Yaratımların türlere göre kategorize edilmemesi gerektiğine inandığını biliyoruz ancak merak ediyoruz, çalışmalarında sıklıkla rastladığımız deep house, techno indie-dance, disco ve electronica tınılarının sendeki yeri nedir?
Sanırım her zaman inandığım şey yenilik. O nedenle indie-dance, new wave, let field, nu-disco gibi yeni türlere setlerimde daha çok yer veriyorum. Eski ile yeniyi buluşturan, birden çok genredan oluşan ve içinde yeni-avangard sesler barındıran bu türlerin beni daha iyi ifade ettiğine inanıyorum. Çünkü çabuk sıkılan ve tekrar etmeyi sevmeyen bir insanım. Ayrıca prodüktör ve Dj olarak insanlara her zaman duyduklarının dışında bir deneyim yaşatmak bana daha çekici geliyor.
Performanslarında dinleyici ile kurduğun ilişki senin için çok önemli. Bu setlerinin düzenlemesine de yansıyor mu?

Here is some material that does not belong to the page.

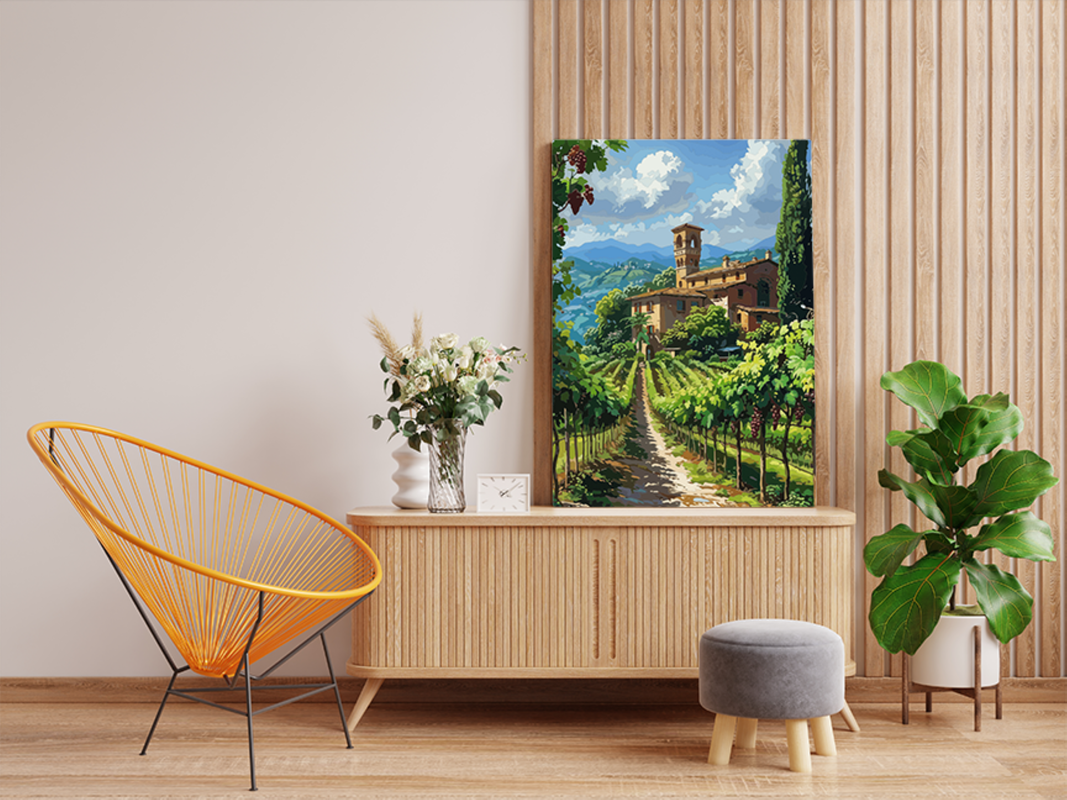 Bring the warmth of the Italian countryside into your home with the Tuscan Vineyard Villa paint by numbers kit. This captivating artwork transports you to a rustic villa nestled among rolling hills and lush vineyards, with ripe grapes hanging from the vines under a clear blue sky. Perfect for anyone who loves the charm of Tuscany, this kit provides a relaxing painting experience as you recreate the vibrant greens and warm stone textures. Whether youβre a beginner or an experienced painter, this kit offers a fun and fulfilling project that results in a beautiful piece of art for your home.

Örneğin, sahnedeyken dinleyicilerden aldığın enerjiye göre performansın gidişatını değiştirdiğin oluyor mu?
Evet gidişatı değiştirdiğim zamanlar da oluyor tabii. Çünkü DJ set’i asıl iyi yapan şeyin dinleyici ile kurulan anlık ilişki olduğuna inanıyorum. Belirlenen bir soundscape tabii ki de oluyor; mekan ve performans saatini baz alarak bir liste hazırlıyorum ama bu listedeki şarkı adedi çalacağımdan çok daha fazla oluyor ve hangisini ne zaman çalacağıma o an aldığım reaksiyonlara göre karar veriyorum.
İstanbul’un gece hayatında neleri değiştirmek ve geliştirmek isterdin?
Müşteri bunu talep ediyor anlayışından ziyade gelen kitlenin mekanlarda ve etkinliklerde neyi deneyimleyebileceği, neyi öğrenebileceği konusunda daha cesaretli olunması, kadın-erkek dengesine line-uplar’da daha çok dikkat edilmesi, bir mekan açıldığı zaman dekorasyonundan önce iyi bir ses ve ışık sisteminin kurulması ve tabii ki Djlerin PR olmadığı konusunda farkındalık kazanılmasını isterdim. Bunlar sadece ilk aklıma gelenler. 🙂
Müzik kariyerinde gerçekleştirmek istediğin en büyük proje, hayalin nedir diye sorsak?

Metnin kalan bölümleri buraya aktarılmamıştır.